[Supplied entries Boundary: Start]

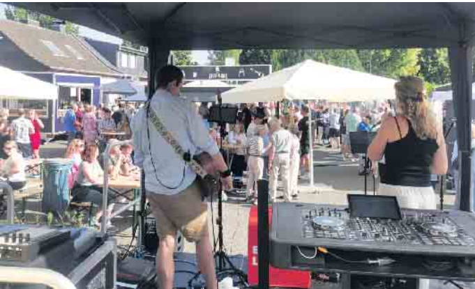
Am 14. August lädt die Stadt Elsdorf zum nächsten Feierabend-Markt in der Stadtmitte ein.
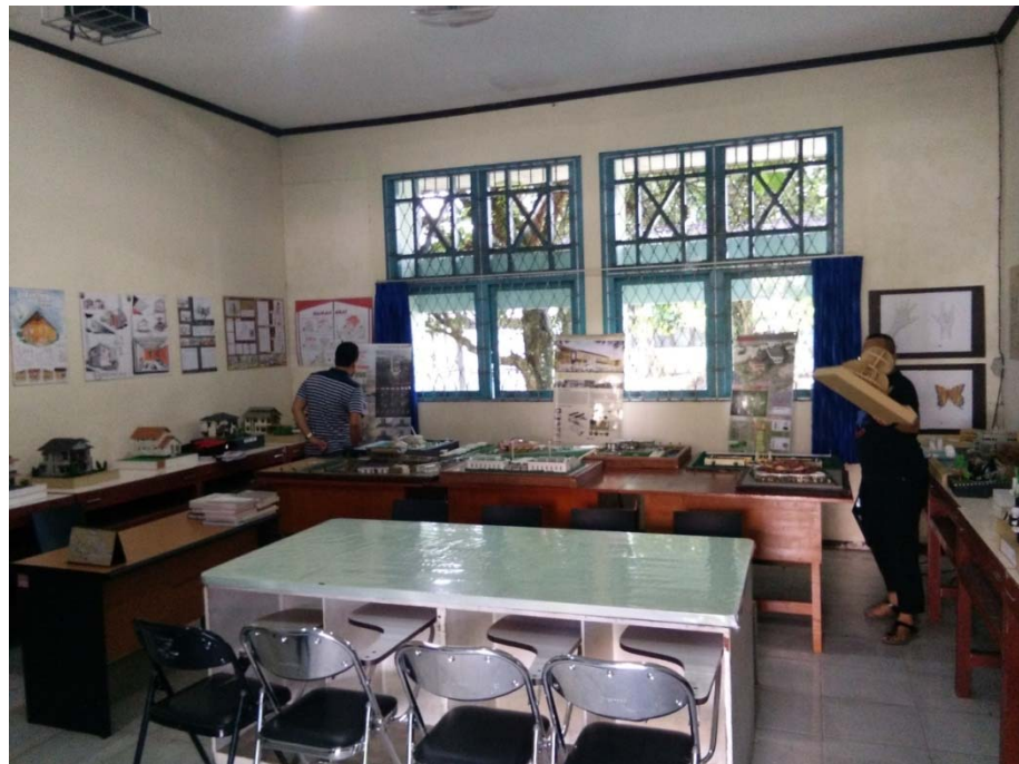
Gambar. Pembenahan ruang laboratorium perancangan

Penataan dan pembenahan fasilitas fisik dilakukan dengan pembersihan ruangan dan lingkungan sekitar Prodi, pengaturan layout perabot ruang (meja, kursi, lemari), pemasangan wallpaper, pengecatan, dan pemasangan poster atau banner, serta gelar karya atau produk mahasiswa pada ruangan studio dan laboratorium.
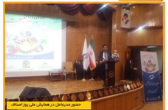
حضور مدیرعامل در همایش ملی روز اصناف
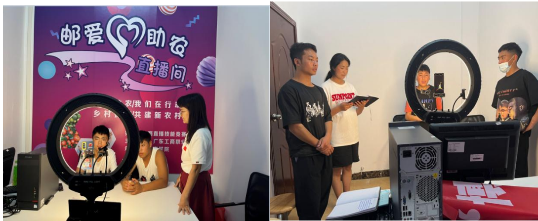
图 1 为直播电商实践教学

采取强化课内实践，深度与企业融合的方式开展教学。强化企业实践环节，由专业班主任带领学生深入企业电商运营、电商直播、电商物流一线岗位进行见习。
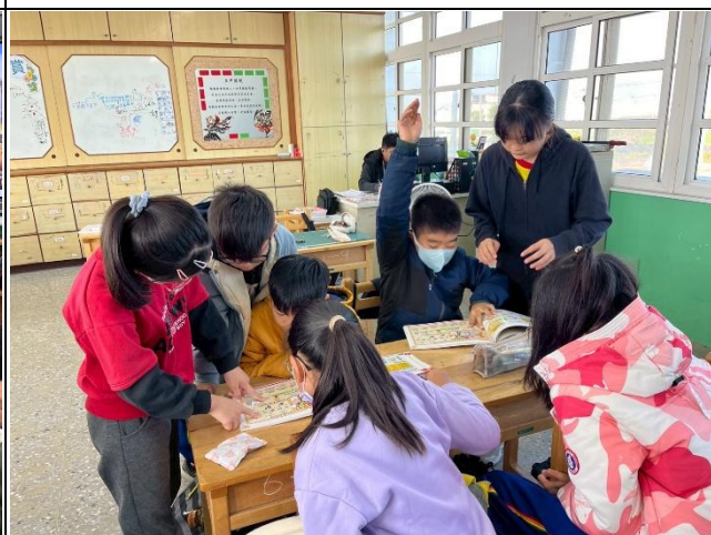
說明：入班推動餐前五分鐘專書

[Supplied entries Boundary: End]

• _What you should do_: Of the lines above, quote exactly those from the one with "Penataan dan pembenahan" through the one with "图 1 为直播电商实践教学", ends included; pictures stay out.

• _Solution for this task_:
Penataan dan pembenahan fasilitas fisik dilakukan dengan pembersihan ruangan dan lingkungan sekitar Prodi, pengaturan layout perabot ruang (meja, kursi, lemari), pemasangan wallpaper, pengecatan, dan pemasangan poster atau banner, serta gelar karya atau produk mahasiswa pada ruangan studio dan laboratorium.
حضور مدیرعامل در همایش ملی روز اصناف
图 1 为直播电商实践教学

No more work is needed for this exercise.